Package rDEA provides method for Data Envelopment Analysis (DEA), including standard input, output and cost-minimization DEA estimation and also robust DEA solvers. The latter can be with or without additional environmental variables.

References

GNU Linear Programming Kit (http://www.gnu.org/software/glpk/glpk.html).

See Also

glpk and glpkAPI for C API bindings; Rglpk_solve in package Rglpk.

Examples

Run this code
## Simple linear program.
## maximize:   2 x_1 + 4 x_2 + 3 x_3
## subject to: 3 x_1 + 4 x_2 + 2 x_3 <= 60
##             2 x_1 +   x_2 + 2 x_3 <= 40
##               x_1 + 3 x_2 + 2 x_3 <= 80
##               x_1, x_2, x_3 are non-negative real numbers

obj <- c(2, 4, 3)
mat <- matrix(c(3, 2, 1, 4, 1, 3, 2, 2, 2), nrow = 3)
dir <- c("<=", "<=", "<=")
rhs <- c(60, 40, 80)
max <- TRUE

multi_glpk_solve_LP(obj, mat, dir, rhs, max = max)

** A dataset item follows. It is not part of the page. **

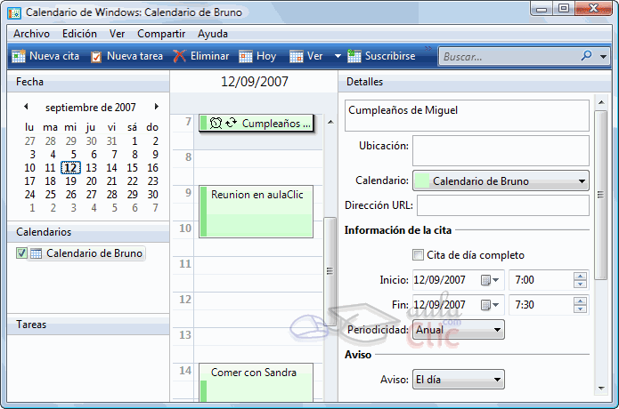 El calendario de Windows es una utilidad que nos hará las veces de agenda personal. En él podemos apuntar nuestras citas y tareas pendientes, fijando por ejemplo un aviso para no olvidar nada, o incluso que la misma cita se repita periódicamente. Podemos alternar el tipo de vistas, para ver desde todos los días del mes, hasta las horas del día. Si usamos la búsqueda desde el calendario, ésta buscará en nuestras citas y tareas. De ese modo, si introducimos el nombre de una persona, veremos todas las citas relacionadas con ella. |

## Simple mixed integer linear program.
## maximize:    3 x_1 + 1 x_2 + 3 x_3
## subject to: -1 x_1 + 2 x_2 +   x_3 <= 4
##                      4 x_2 - 3 x_3 <= 2
##                x_1 - 3 x_2 + 2 x_3 <= 3
##                x_1, x_3 are non-negative integers
##                x_2 is a non-negative real number

obj <- c(3, 1, 3)
mat <- matrix(c(-1, 0, 1, 2, 4, -3, 1, -3, 2), nrow = 3)
dir <- c("<=", "<=", "<=")
rhs <- c(4, 2, 3)
types <- c("I", "C", "I")
max <- TRUE

multi_glpk_solve_LP(obj, mat, dir, rhs, types = types, max = max)

## Same as before but with bounds replaced by
## -Inf <  x_1 <= 4
##    0 <= x_2 <= 100
##    2 <= x_3 <  Inf

bounds <- list(lower = list(ind = c(1L, 3L), val = c(-Inf, 2)),
               upper = list(ind = c(1L, 2L), val = c(4, 100)))
multi_glpk_solve_LP(obj, mat, dir, rhs, bounds, types, max)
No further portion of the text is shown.